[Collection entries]

○ ○ ○ ○ ○

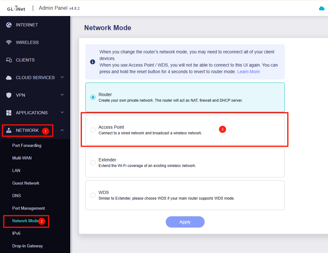 To set this up, simply connect the Slate AX's WAN port to a LAN port on the Flint 2, then go to Admin Panel -> Network -> Network Mode and select Access Point.
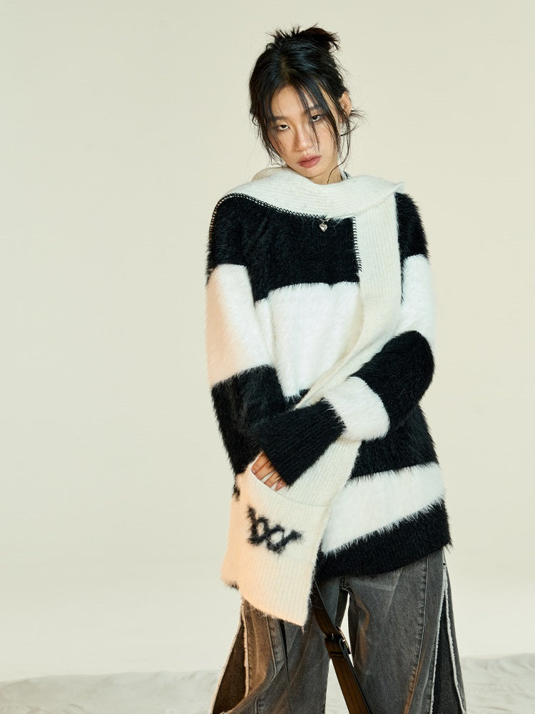 Off-Shoulder Border Fluffy Sweater
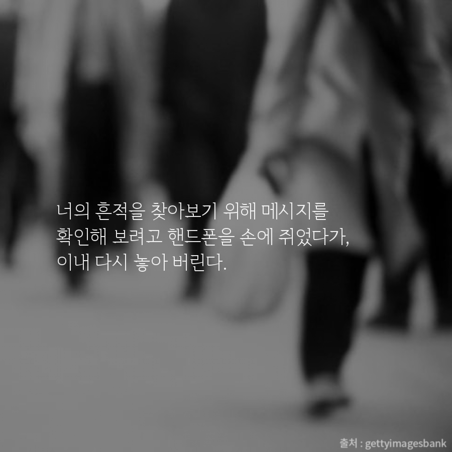 너의 흔적을 찾아보기 위해 메시지를 확인해 보려고 핸드폰을 손에 쥐었다가, 이내 다시 놓아 버린다.
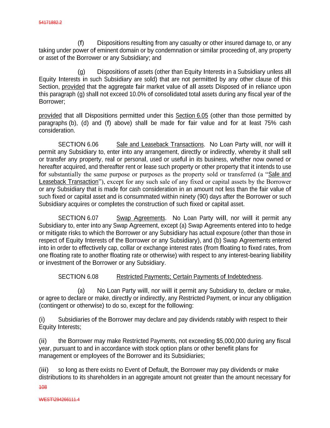 54171882.2 108 WEST\294266111.4 (f) Dispositions resulting from any casualty or other insured damage to, or any taking under power of eminent domain or by condemnation or similar proceeding of, any property or asset of the Borrower or any Subsidiary; and (g) Dispositions of assets (other than Equity Interests in a Subsidiary unless all Equity Interests in such Subsidiary are sold) that are not permitted by any other clause of this Section, provided that the aggregate fair market value of all assets Disposed of in reliance upon this paragraph (g) shall not exceed 10.0% of consolidated total assets during any fiscal year of the Borrower; provided that all Dispositions permitted under this Section 6.05 (other than those permitted by paragraphs (b), (d) and (f) above) shall be made for fair value and for at least 75% cash consideration. SECTION 6.06 Sale and Leaseback Transactions. No Loan Party will, nor will it permit any Subsidiary to, enter into any arrangement, directly or indirectly, whereby it shall sell or transfer any property, real or personal, used or useful in its business, whether now owned or hereafter acquired, and thereafter rent or lease such property or other property that it intends to use for substantially the same purpose or purposes as the property sold or transferred (a “Sale and Leaseback Transaction”), except for any such sale of any fixed or capital assets by the Borrower or any Subsidiary that is made for cash consideration in an amount not less than the fair value of such fixed or capital asset and is consummated within ninety (90) days after the Borrower or such Subsidiary acquires or completes the construction of such fixed or capital asset. SECTION 6.07 Swap Agreements. No Loan Party will, nor will it permit any Subsidiary to, enter into any Swap Agreement, except (a) Swap Agreements entered into to hedge or mitigate risks to which the Borrower or any Subsidiary has actual exposure (other than those in respect of Equity Interests of the Borrower or any Subsidiary), and (b) Swap Agreements entered into in order to effectively cap, collar or exchange interest rates (from floating to fixed rates, from one floating rate to another floating rate or otherwise) with respect to any interest-bearing liability or investment of the Borrower or any Subsidiary. SECTION 6.08 Restricted Payments; Certain Payments of Indebtedness. (a) No Loan Party will, nor will it permit any Subsidiary to, declare or make, or agree to declare or make, directly or indirectly, any Restricted Payment, or incur any obligation (contingent or otherwise) to do so, except for the following: (i) Subsidiaries of the Borrower may declare and pay dividends ratably with respect to their Equity Interests; (ii) the Borrower may make Restricted Payments, not exceeding $5,000,000 during any fiscal year, pursuant to and in accordance with stock option plans or other benefit plans for management or employees of the Borrower and its Subsidiaries; (iii) so long as there exists no Event of Default, the Borrower may pay dividends or make distributions to its shareholders in an aggregate amount not greater than the amount necessary for
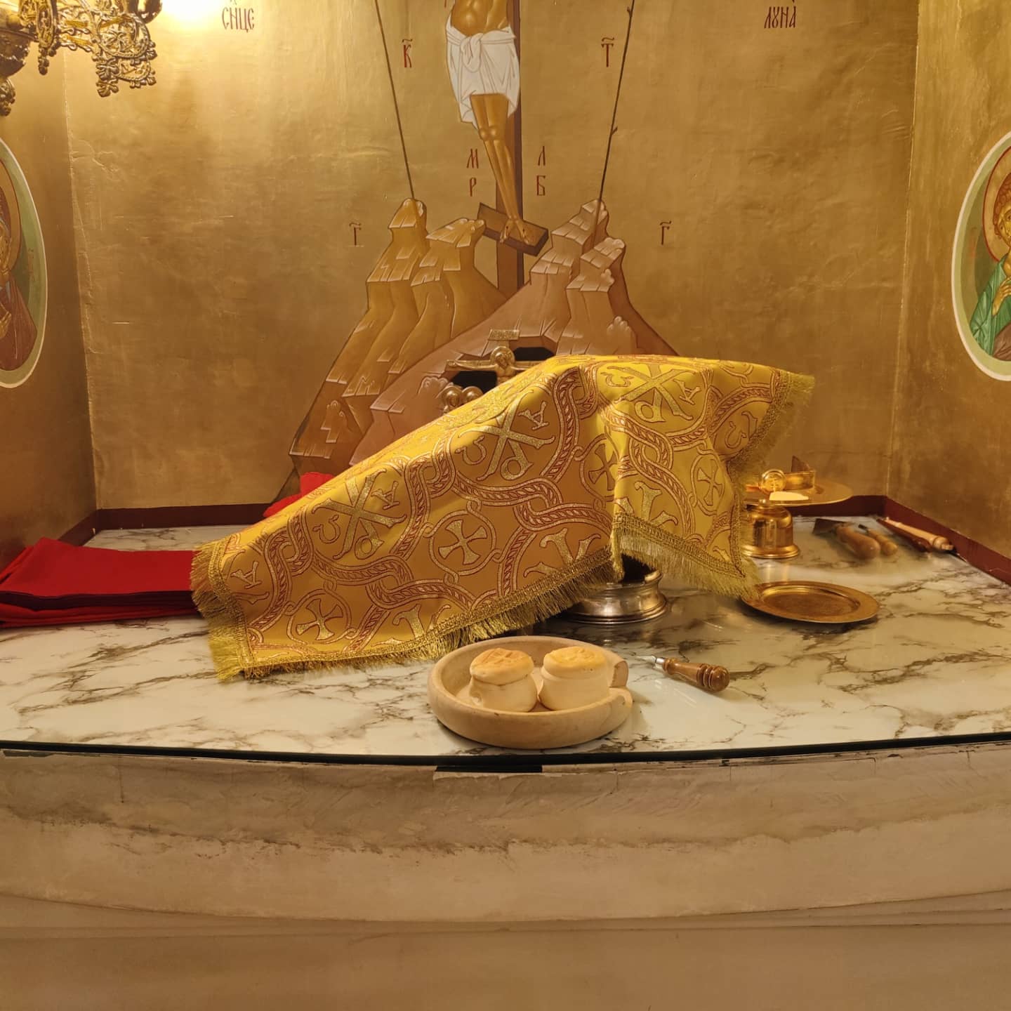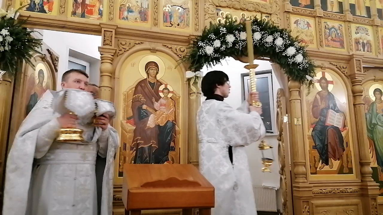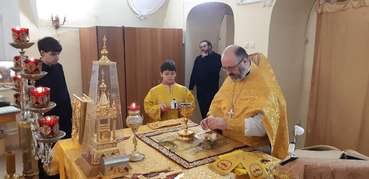 На сугубой ектении были вознесены молитвенные прошения в связи с угрозой распространения коронавирусной инфекции, молитвы о мире на Украине.
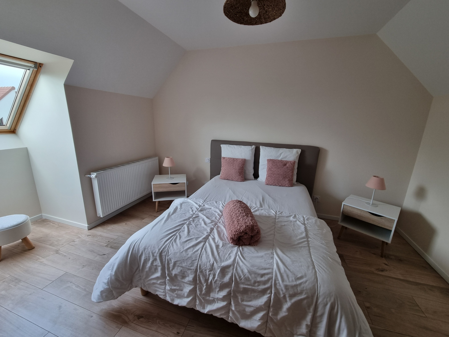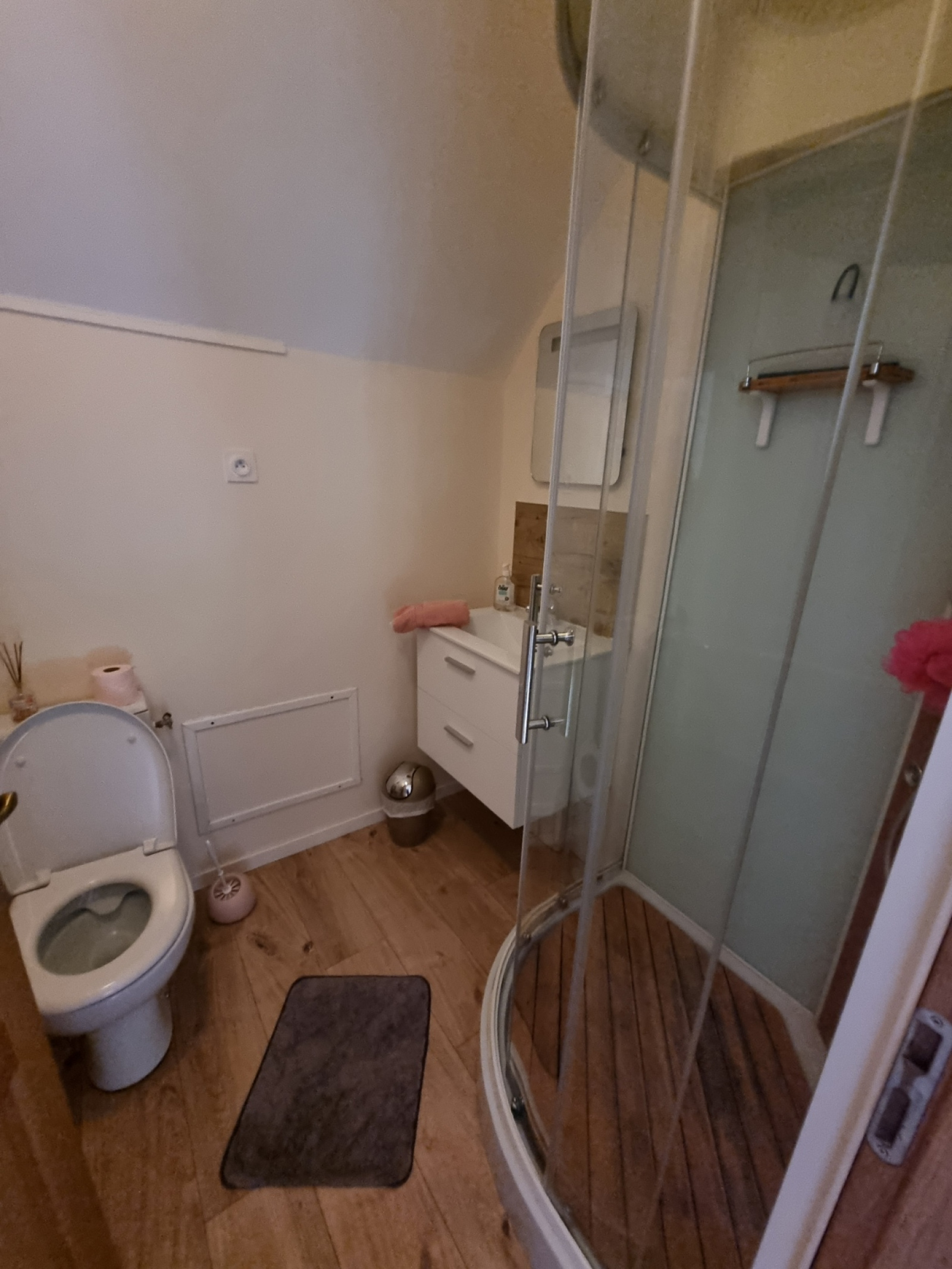 étage : palier desservant 2 grandes chambres, salle d'eau avec WC - Chauffage par PAC - facilités de stationnement
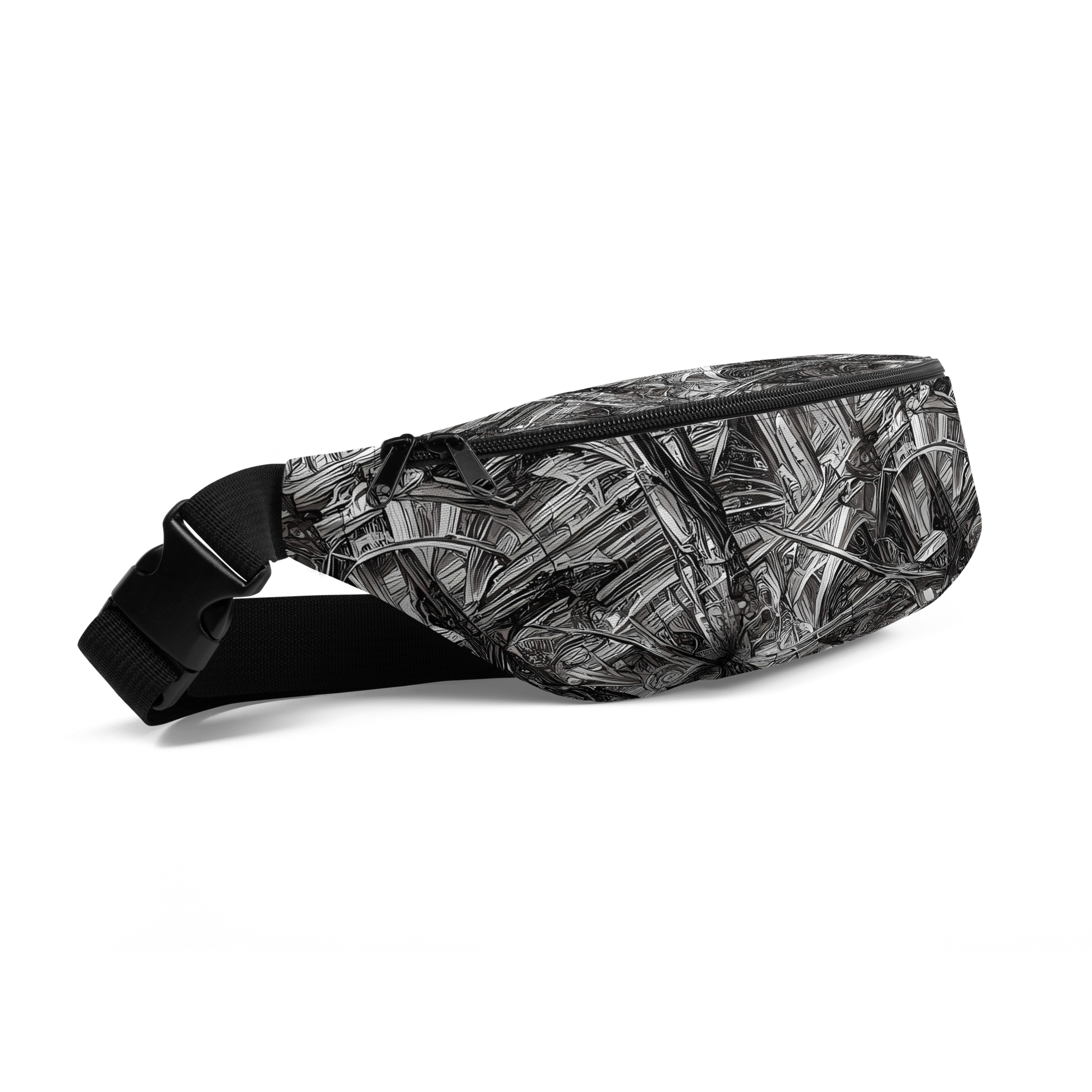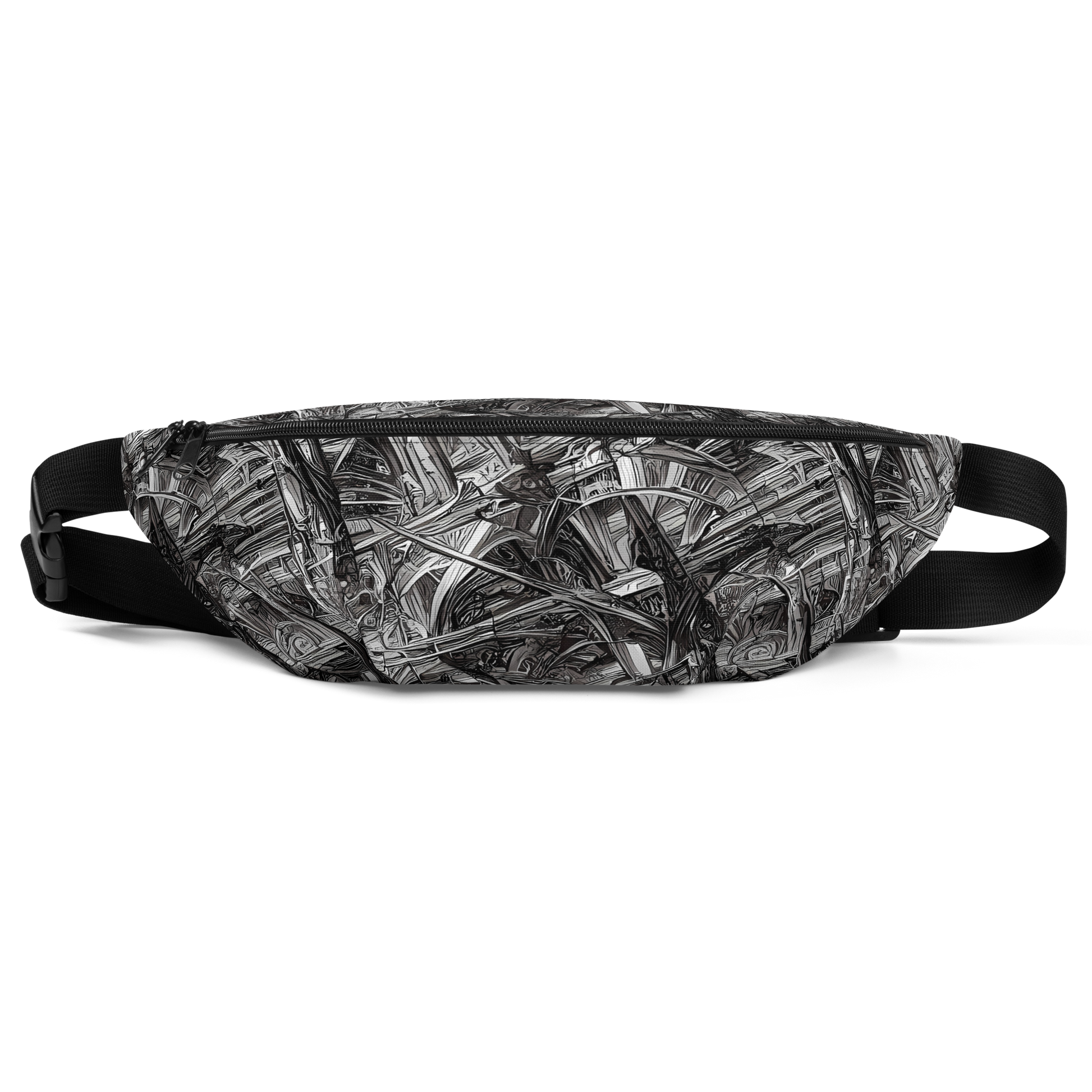 Elevate your style with our custom-designed fanny pack, featuring a mesmerizing pattern of intricate, swirling arches and structures in monochromatic hues. This dynamic design evokes dark elegance and mystery, making it the perfect accessory for avant-garde events, gothic-themed gatherings, or autumn and winter wear. Compact yet spacious, weather-resistant, and handcrafted with the highest quality, this fanny pack is as unique and bold as you are.

○ ○ ○ ○ ○

_EXERCISE AIM_: Every line above should be repeated exactly; pictures stay out of the copy.

_ANSWER SECTION_:
 To set this up, simply connect the Slate AX's WAN port to a LAN port on the Flint 2, then go to Admin Panel -> Network -> Network Mode and select Access Point.
 Off-Shoulder Border Fluffy Sweater
 너의 흔적을 찾아보기 위해 메시지를 확인해 보려고 핸드폰을 손에 쥐었다가, 이내 다시 놓아 버린다.
 54171882.2 108 WEST\294266111.4 (f) Dispositions resulting from any casualty or other insured damage to, or any taking under power of eminent domain or by condemnation or similar proceeding of, any property or asset of the Borrower or any Subsidiary; and (g) Dispositions of assets (other than Equity Interests in a Subsidiary unless all Equity Interests in such Subsidiary are sold) that are not permitted by any other clause of this Section, provided that the aggregate fair market value of all assets Disposed of in reliance upon this paragraph (g) shall not exceed 10.0% of consolidated total assets during any fiscal year of the Borrower; provided that all Dispositions permitted under this Section 6.05 (other than those permitted by paragraphs (b), (d) and (f) above) shall be made for fair value and for at least 75% cash consideration. SECTION 6.06 Sale and Leaseback Transactions. No Loan Party will, nor will it permit any Subsidiary to, enter into any arrangement, directly or indirectly, whereby it shall sell or transfer any property, real or personal, used or useful in its business, whether now owned or hereafter acquired, and thereafter rent or lease such property or other property that it intends to use for substantially the same purpose or purposes as the property sold or transferred (a “Sale and Leaseback Transaction”), except for any such sale of any fixed or capital assets by the Borrower or any Subsidiary that is made for cash consideration in an amount not less than the fair value of such fixed or capital asset and is consummated within ninety (90) days after the Borrower or such Subsidiary acquires or completes the construction of such fixed or capital asset. SECTION 6.07 Swap Agreements. No Loan Party will, nor will it permit any Subsidiary to, enter into any Swap Agreement, except (a) Swap Agreements entered into to hedge or mitigate risks to which the Borrower or any Subsidiary has actual exposure (other than those in respect of Equity Interests of the Borrower or any Subsidiary), and (b) Swap Agreements entered into in order to effectively cap, collar or exchange interest rates (from floating to fixed rates, from one floating rate to another floating rate or otherwise) with respect to any interest-bearing liability or investment of the Borrower or any Subsidiary. SECTION 6.08 Restricted Payments; Certain Payments of Indebtedness. (a) No Loan Party will, nor will it permit any Subsidiary to, declare or make, or agree to declare or make, directly or indirectly, any Restricted Payment, or incur any obligation (contingent or otherwise) to do so, except for the following: (i) Subsidiaries of the Borrower may declare and pay dividends ratably with respect to their Equity Interests; (ii) the Borrower may make Restricted Payments, not exceeding $5,000,000 during any fiscal year, pursuant to and in accordance with stock option plans or other benefit plans for management or employees of the Borrower and its Subsidiaries; (iii) so long as there exists no Event of Default, the Borrower may pay dividends or make distributions to its shareholders in an aggregate amount not greater than the amount necessary for
 На сугубой ектении были вознесены молитвенные прошения в связи с угрозой распространения коронавирусной инфекции, молитвы о мире на Украине.
 étage : palier desservant 2 grandes chambres, salle d'eau avec WC - Chauffage par PAC - facilités de stationnement
 Elevate your style with our custom-designed fanny pack, featuring a mesmerizing pattern of intricate, swirling arches and structures in monochromatic hues. This dynamic design evokes dark elegance and mystery, making it the perfect accessory for avant-garde events, gothic-themed gatherings, or autumn and winter wear. Compact yet spacious, weather-resistant, and handcrafted with the highest quality, this fanny pack is as unique and bold as you are.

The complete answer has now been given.